The matter presently before the Court is the Committee of Unsecured Creditors' challenge to inclusion of the votes of class 12 insiders in determining acceptance of debtor's Second Amended Chapter 11 Plan of Reorganization. 11 U.S.C. § 1129(a)(8)(A). Class 12 consists of all nonpriority unsecured claims which equal or exceed one hundred dollars. That the class is impaired under the Plan is undisputed.

Debtor has received the requisite majorities of acceptances in number and amount of claims by class 12 creditors. However, if insiders' unsecured claims of class 12 are excluded, class 12 has not accepted the Plan by the requisite percentages in amount and number of claims. The debtor argues that the insiders' votes can be excluded only upon a finding that the insiders are chargeable with bad faith or other inequitable conduct, but the cases cited by debtor are either inapposite or no longer represent the state of the law. It is clear that insider votes cannot be counted in determining whether an impaired class has accepted a plan. See In re Polytherm Industries, 33 B.R. 823 (W.D.Wis.1983); In re Featherworks Corp., 25 B.R. 634 (Bkrtcy.
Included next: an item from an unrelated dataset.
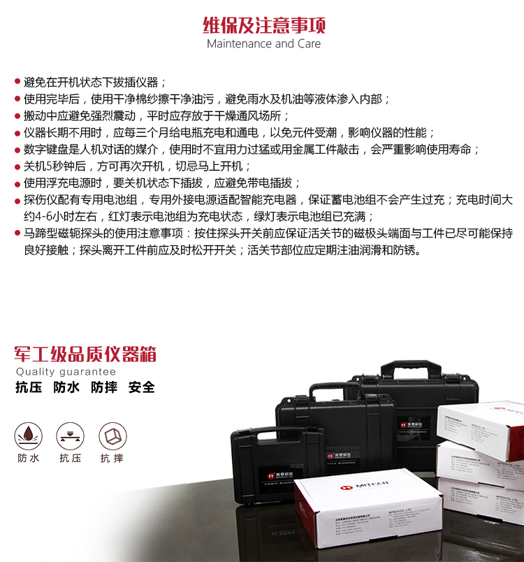 儀器的保養(yǎng)與維護(hù)數(shù)字便攜式磁粉探傷儀屬于精密檢測儀器,使用中要注意下列事項(xiàng):

E.D.N.Y.1982), aff'd 36 B.R. 460 (1984). Therefore, class 12 has rejected the Plan.

Class 11 is also an impaired class and consists of nonpriority unsecured claims which are less than one hundred dollars and its members are to receive fifty per cent of their claims in cash on the effective date of the Plan in full satisfaction of the claims. This class has voted unanimously to accept the Plan and, therefore, the Plan could be confirmed upon a finding that it provides fair and equitable treatment to the dissenting impaired unsecured class. 11 U.S.C. § 1129(b)(2)(B). In order for the Court to make such a finding the Plan would have to provide that each holder of a class 12 claim receive or retain property of a value equal to the allowed amount of each claim, or that holders of claims junior to those of class 12 will not receive or retain any property under the Plan. 11 U.S.C. § 1129(b)(2)(B)(i), (ii). The debtor's proposed Second Amended Plan provides that members of class 12 receive less than one hundred per cent of their claims and further provides that the interests of class 13 equity security holders remain unaffected. The Plan does not meet the fair and equitable test of § 1129(b) and cannot be confirmed. See 5 Collier on Bankruptcy ¶ 1129.03 (1984).
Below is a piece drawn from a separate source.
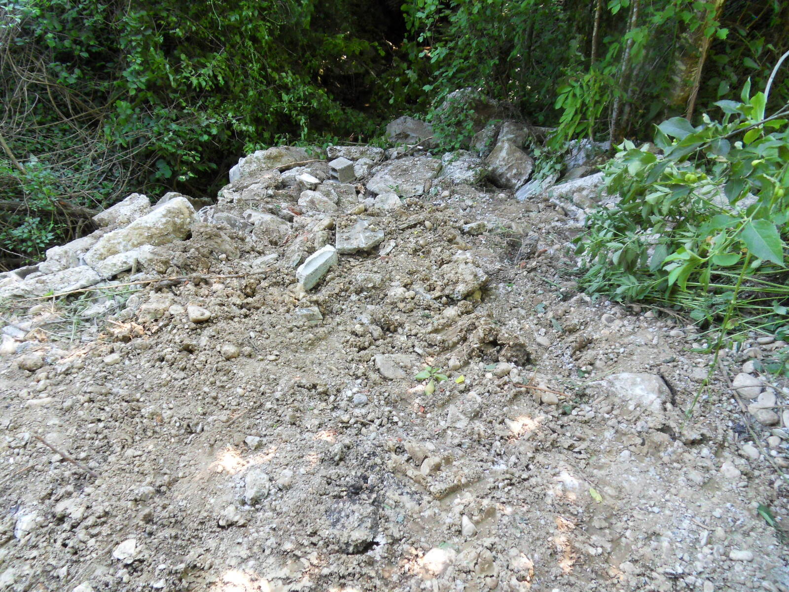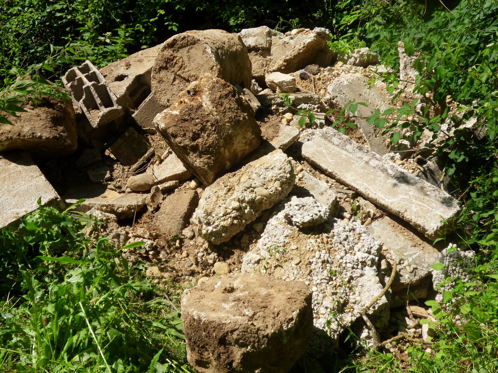 Dépôt de blocs de bétons, de morceaux de murs, de gravats, de tuyaux dans le lit du ruisseau de la Scie. Des déchets sont déposés régulièrement sur ce site depuis 2019. De nouveaux déchets ont été abandonnés sur site en septembre 2022.

An appropriate order will be entered.

MEMORANDUM OPINION ON MOTION FOR RECONSIDERATION

The matter presently before the Court is Debtor's Motion to Reconsider the Order of *70 this Court entered January 24, 1985, denying confirmation of Debtor's Second Amended Chapter 11 Plan of Reorganization. Confirmation was denied because this Court held that 11 U.S.C. § 1129(a)(10) required the exclusion of the votes of class 12 insiders which resulted in class 12's characterization as an impaired dissenting class of nonpriority unsecured claims.
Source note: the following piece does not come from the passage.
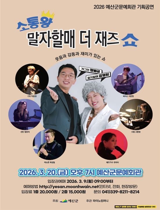 [세종타임즈] 예산군은 오는 3월 20일 저녁 7시 문예회관 공연장에서 ‘소통왕 말자할매 더 재즈 쇼’토크 콘서트를 개최한다고 밝혔다.

Upon consideration of the arguments of counsel presented at the hearing on Debtor's Motion for Reconsideration and upon further analysis of the relevant statutory sections and legislative history, the Court concludes that insider votes of an impaired class cast in favor of a Plan may be counted under § 1129(a)(10) for purposes of § 1126(c) when there exists at least one other accepting impaired class which contains no insiders.

In the instant matter classes 2 and 11 are impaired and have accepted the Plan in the requisite number and amount. Therefore, the Plan will be confirmed if Debtor establishes that the Plan meets the requirement of § 1129(a)(7)(ii).

An appropriate order will be entered.